One of the points we make is that even if the chatbots were able to return only “correct” answers—and I am putting scare quotes there because what does that mean?—it is still a bad idea to use a chatbot for information access because when you are doing information access you are doing two things at once. You are both getting an answer to your immediate question and you are building up your sense of the landscape of information around you.

I give an example: Imagine you put in a medical query and you got back answers from the site WebMD and maybe the Mayo Clinic, which is a famous medical center in the United States, maybe Dr. Oz, who is a famous I would say charlatan in terms of the way he presents medical information, and then as a fourth link you got back a link to a forum where people with similar medical questions were talking to each other. You could then situate each of those pieces of information according to what you thought about those sources, but if what came back was just an answer from a chatbot you have lost that context and the ability to connect it to the context and the ability to build up over time what you think of WebMD, Dr. Oz, and the Mayo Clinic. Finally, you lose the ability to connect with the other people in that forum. So, chatbots as a replacement for search is just a fantasy.

Coming back to The Needling example, I found it to be a useful test case to show how the connection between the text and the context is where a lot of the interpretation happens.

KOBI LEINS: I love the article that said that poorer schools could not afford the past tense. I think that was my favorite. It was pulled from The Onion and presented as fact. I wonder where they made it, but I will definitely be looking it up.

Let’s go back to words. As a linguist you raise this interesting point, which I do not think we talk about enough, about clouds being white, fluffy things. You also touched on hallucinations. I find “hallucinations” as a term problematic. “Cookies” is another one. It is this thing that trolls the web and collects all this data about you but is presented as something that has chocolate chips that everyone snuck out of tins as children. How is the language—and prompt engineering, which we touched on at the very beginning—we are using around these systems themselves shaping our understanding of them, and what would you like to change? Do we need a new glossary?

EMILY BENDER: I think we could use a new glossary. I think it is worth tracking the way people are talking about things and asking about what unmerited assumptions are those metaphors bringing in. Cookies sound fun and pleasant, sure—“Here, have a cookie. It wants a cookie? Okay, yes, it can have the cookie, or it is giving me a cookie? Excellent. I will accept the cookies”—when in fact it is a privacy nightmare. That cookie that you are swallowing has little microphones in it that are now recording everything about you.

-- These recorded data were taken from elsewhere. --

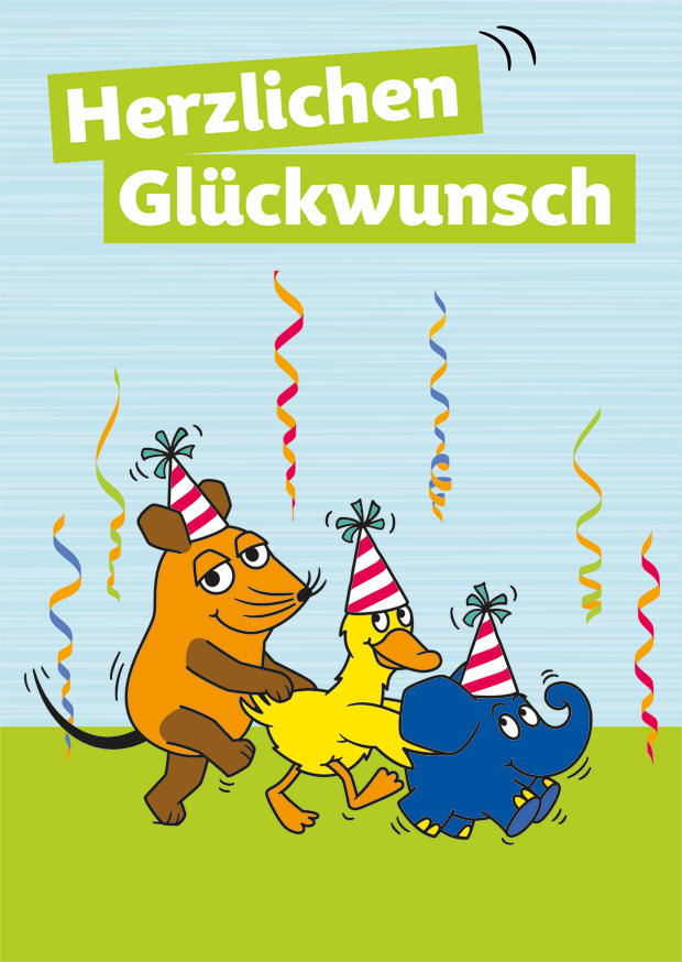 Drei Tiere mit Partyhüten, ein Maus und ein Elefant und eine Ente, tanzen fröhlich nebeneinander. Luftschlangen hängen von oben.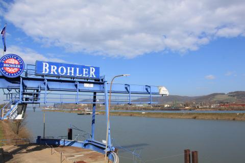 The biggest business in the town is Brohler mineral water plant. It has its own dock; the harbour is shared with a yachting club.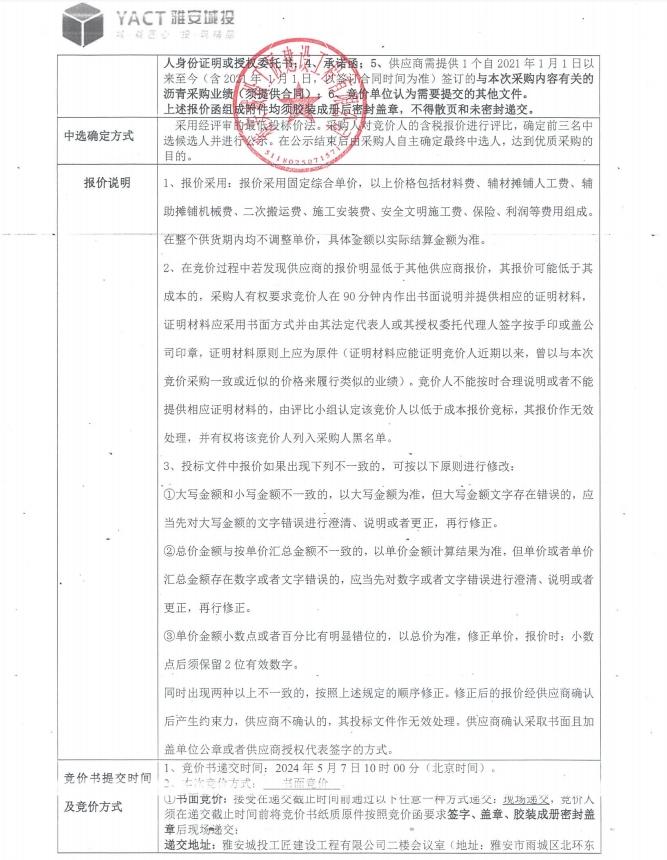 競(jìng)價(jià)函-雅安市雨城區(qū)人民醫(yī)院能力建設(shè)二期項(xiàng)目綠化(含總坪)專業(yè)分包項(xiàng)目瀝青材料采購(gòu)(二次)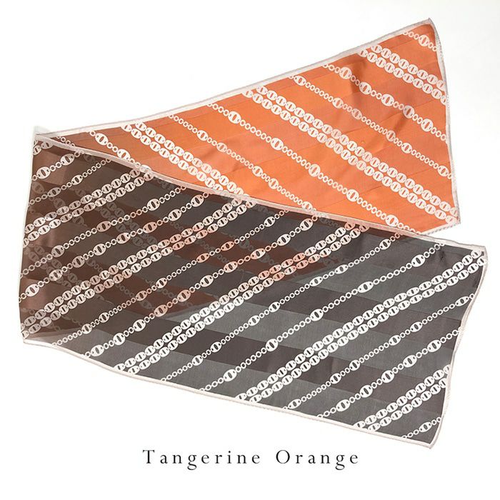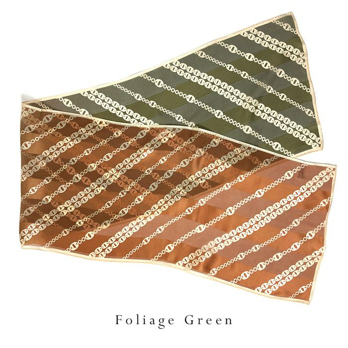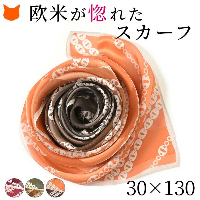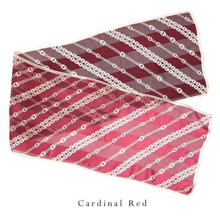 28×128|世界トップクラスの技術で紡ぐスカーフブランド キヌフローレス(KINU flawless) 秋冬スカーフ「オンブレーチェーン」。レッド、グリーン、オレンジをご用意。 オンブレーチェーン サテン シルクスカーフ 日本製 横浜スカーフ レトロ柄 大判 かっこいい おしゃれ
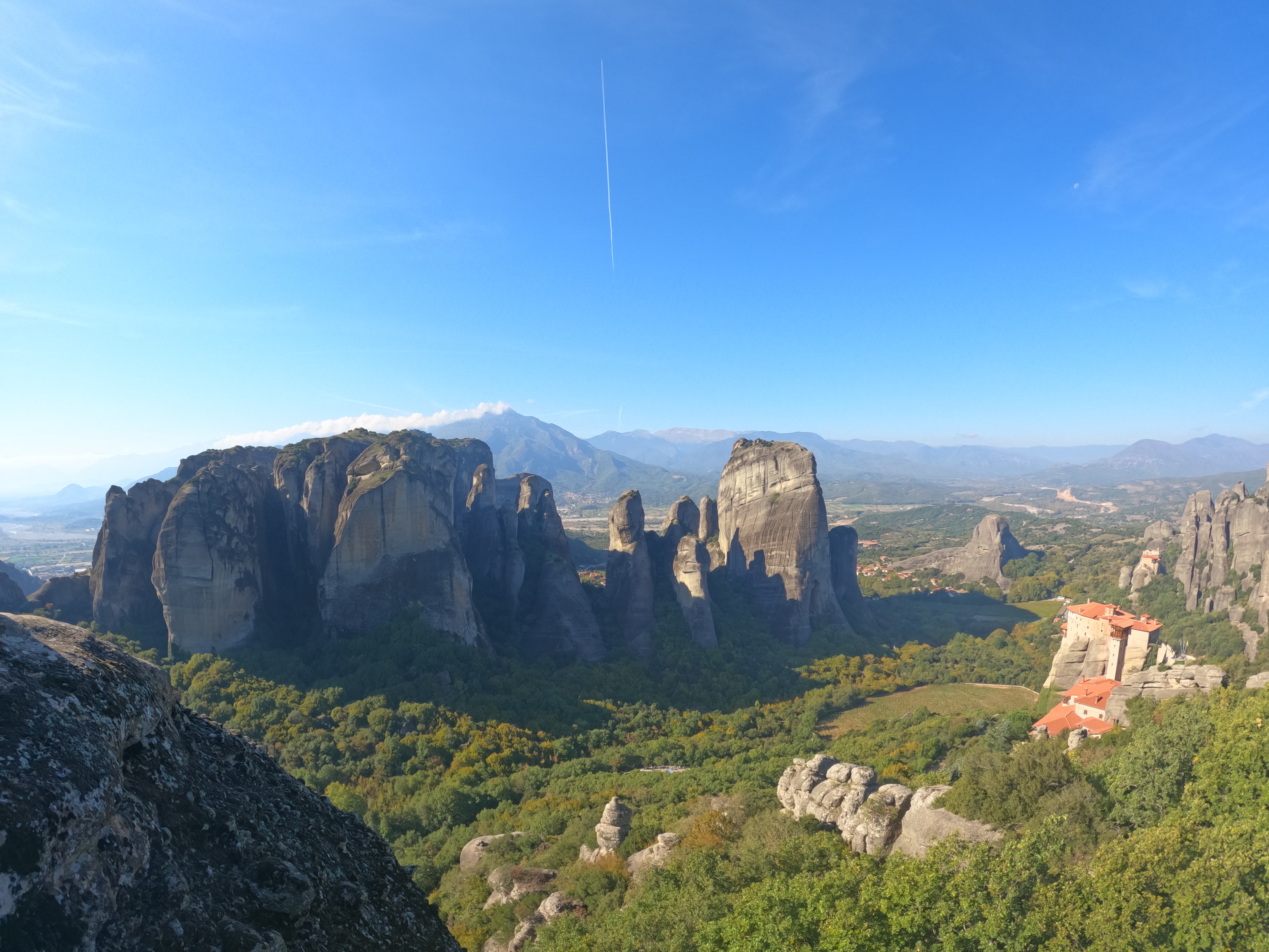 メテオラを成す奇岩群を一望できるポイントに出た。これは本当に壮大だ。
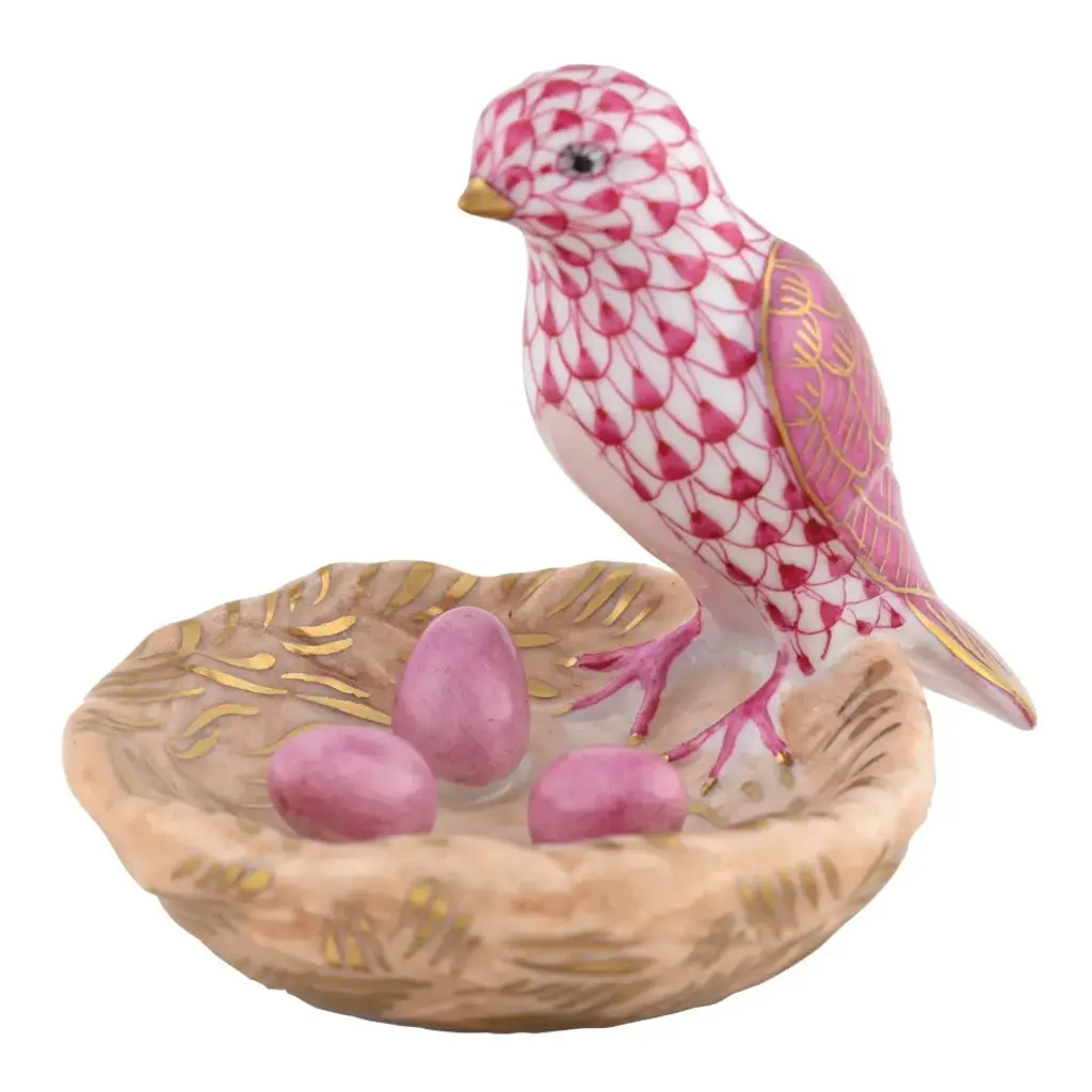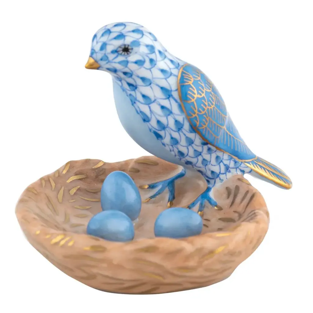 Endearing animals meek and bold, large and small, demure and majestic eagerly await the chance to melt your heart and warm your home. Each is brought to life by the skilled hands of artisans crafting and painting these charming porcelain creatures. The famous fishnet decor adorning many of the animals took form in 1858 when a Herend painter became inspired by a fishscale design he saw on a Chinese porcelain plate and painted a similar pattern onto a rooster figurine to imitate feathers. The rest is history, with the fishnet design now a Herend signature prized worldwide. Now the biggest porcelain manufactory in Europe, Herend was founded in 1826 to produce earthenware in the small Hungarian village for which it was named. At the time, Hungary was flooded with low-cost pottery, but in 1839, Mor Fischer became the Manufactory’s new owner and he decided to focus on producing dinnerware replacement pieces for Europe’s royal families to complement their valuable porcelain patterns from Germany and the Far East. As his client base grew, Fischer commissioned his artists to begin designing dinnerware patterns of their own. Queen Victoria’s 1851 purchase of a large set for Windsor Castle was a milestone, setting the stage for aristocrats throughout Europe to clamor for Herend in their estates. In the 1850s, Herend added meticulously-crafted figurines to its creations. Herend’s trademark fishnet pattern, which is widely recognized and prized as Herend’s signature design, started in 1858 when an artist who was intrigued with a Chinese plate’s fish scale design painted it onto a rooster figurine to imitate feathers.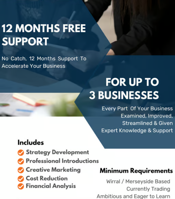 To be considered for Martin’s free support programme you must be based within the Wirral/Merseyside area and have the desire and willingness to learn in order to take your business to the next level. Only 3 carefully selected businesses will qualify for the free programme but other great businesses that don’t quite make the cut can still qualify for his ‘pay on results service’.

I am glad you brought up the word “hallucinations,” which I think has a couple of types of issues with it. One is that if it is being used tongue in cheek then it is making light of what can be a serious symptom of mental health issues. That is not nice, but also hallucinations suggest experiencing things that are not there, so you are having an experience and it does not match what other people around you would be seeing; it does not match what is in the outside world.

If you talk about LLMs having hallucinations or doing hallucinations, you are suggesting that they are having experiences, and they don’t. I think the term “artificial intelligence” itself is problematic. I try to avoid terms like “recognition,” but I know I have used it at least once already in this podcast, so talking about “pattern matching” instead of “pattern recognition,” talking about “automatic transcription” instead of “automatic speech recognition,” all of these things where when we talk about the systems as if they had minds we are reinforcing this idea that there is a mind there, so keeping an eye on the metaphors is important.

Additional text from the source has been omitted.